Information shown
——
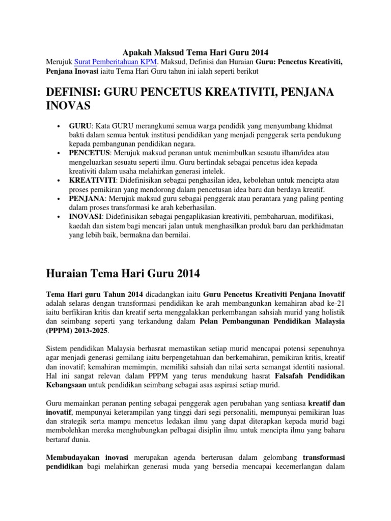 Apakah Maksud Tema Hari Guru 2014 Docx
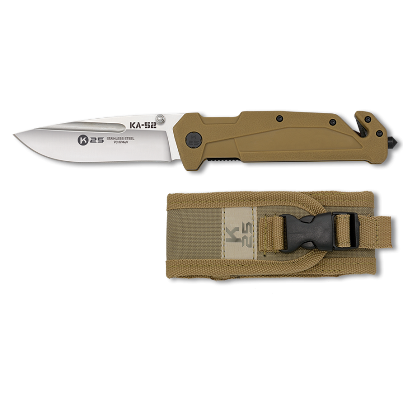 <p>K25 couteau de sauvetage KA-52 manche caoutchouté couleur coyote.</p>
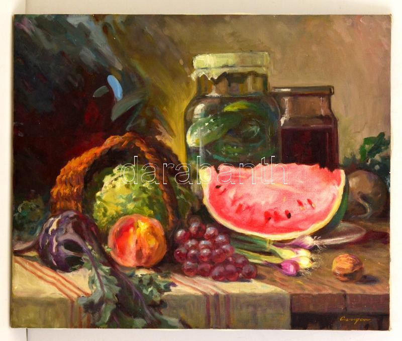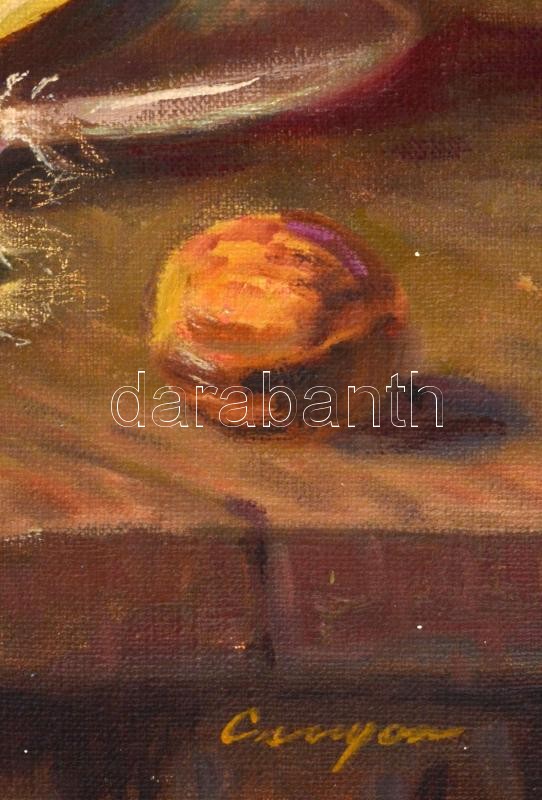 Beschreibung: Csongor József (1913-1981): Asztali csendélet. Olaj, vászon, jelzett, 50×60 cm
——
Your task is to retype exactly the lines that run from the line with "<p>K25 couteau de" through the last line of the material, with the pictures left out.

Reply to the task
 <p>K25 couteau de sauvetage KA-52 manche caoutchouté couleur coyote.</p>
 Beschreibung: Csongor József (1913-1981): Asztali csendélet. Olaj, vászon, jelzett, 50×60 cm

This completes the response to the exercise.